◆ WHAT YOU SHOULD DO ◆
Each record below should be reproduced as it is written, with pictures left out entirely.
[Opening GIVEN DATA section]
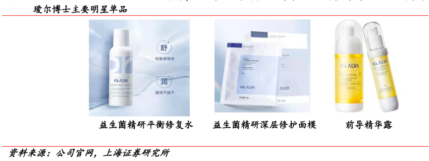 經典案例:根據公司官網、上海證券研究所等綜合資訊表明,璦爾博士定位微生態護膚,旗下主要品類為面膜、水乳、潔面乳、營養液、保濕霜、精華液、 修護水等;產品含有二裂酵母、奧婷敏等多種微生態成分,有效的修復肌膚屏障。
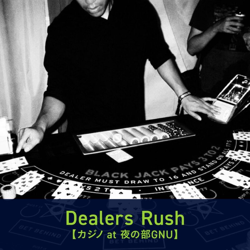土日のみ、カジノディーラーグループ「Dealers Rush」を4階のGNUに招聘しました。音楽だけでなくルーレットとブラックジャックもぜひお楽しみください。
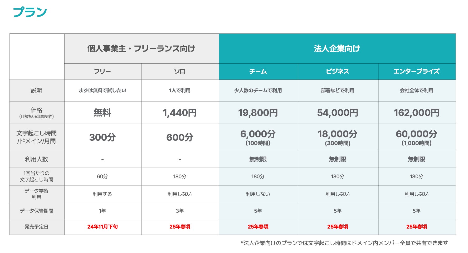 なお、提供開始を記念し、フリープランで文字起こし時間1,000分を利用いただける期間限定キャンペーンを実施する予定です。
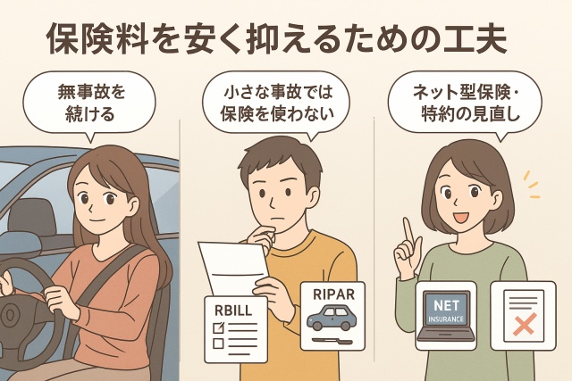 まず大切なのは、無事故を続けて等級を上げること。等級が高くなれば割引率が増し、長期的には大きな節約につながります。また、小さな事故の際に「本当に保険を使うべきか?」を考えることも重要です。修理費が軽微であれば、自腹で対応する方が結果的に得になる場合もあります。
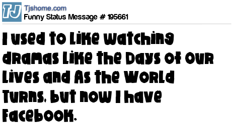 X is I used to like watching dramas like the Days of Our Lives and As the World Turns, but now I have Facebook.
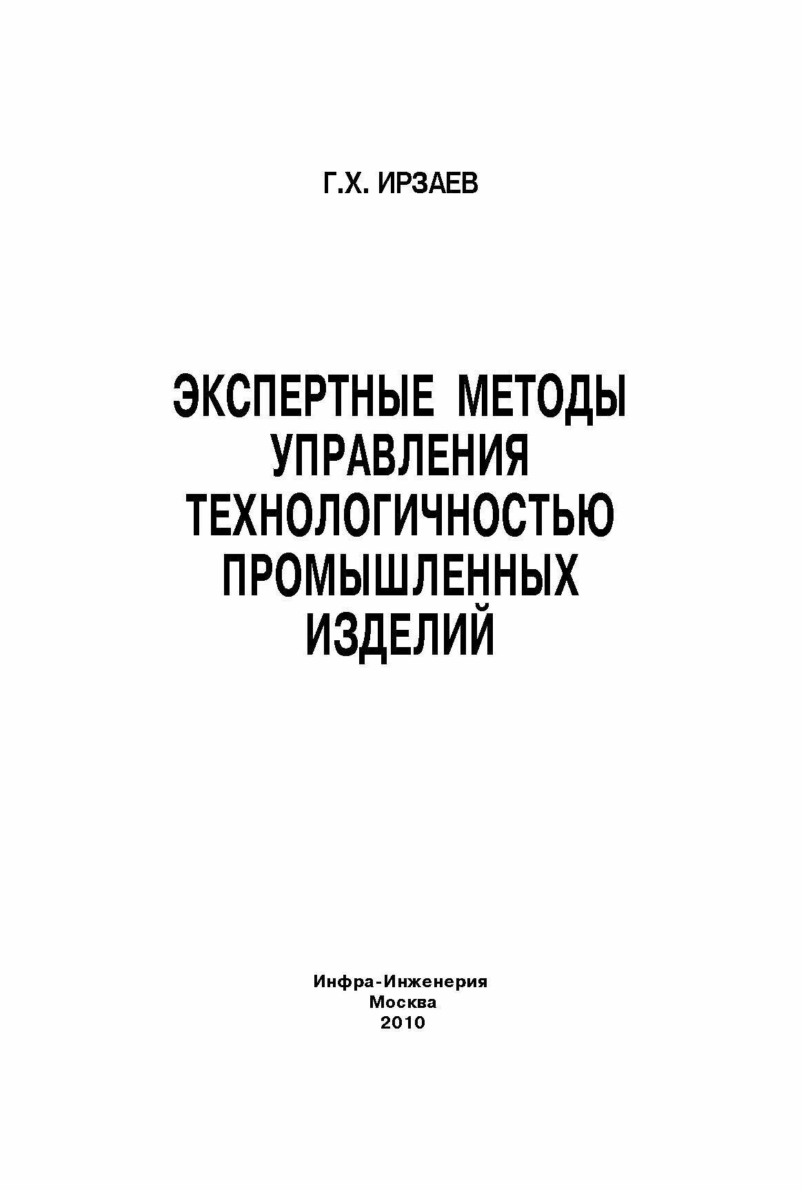 Экспертные методы управления технологичностью промышленных изделий (Г. Х. Ирзаев); Инфра-Инженерия, 2010
[Closing GIVEN DATA section]
◆ SOLUTION TO THIS TASK ◆
 經典案例:根據公司官網、上海證券研究所等綜合資訊表明,璦爾博士定位微生態護膚,旗下主要品類為面膜、水乳、潔面乳、營養液、保濕霜、精華液、 修護水等;產品含有二裂酵母、奧婷敏等多種微生態成分,有效的修復肌膚屏障。
土日のみ、カジノディーラーグループ「Dealers Rush」を4階のGNUに招聘しました。音楽だけでなくルーレットとブラックジャックもぜひお楽しみください。
 なお、提供開始を記念し、フリープランで文字起こし時間1,000分を利用いただける期間限定キャンペーンを実施する予定です。
 まず大切なのは、無事故を続けて等級を上げること。等級が高くなれば割引率が増し、長期的には大きな節約につながります。また、小さな事故の際に「本当に保険を使うべきか?」を考えることも重要です。修理費が軽微であれば、自腹で対応する方が結果的に得になる場合もあります。
 X is I used to like watching dramas like the Days of Our Lives and As the World Turns, but now I have Facebook.
 Экспертные методы управления технологичностью промышленных изделий (Г. Х. Ирзаев); Инфра-Инженерия, 2010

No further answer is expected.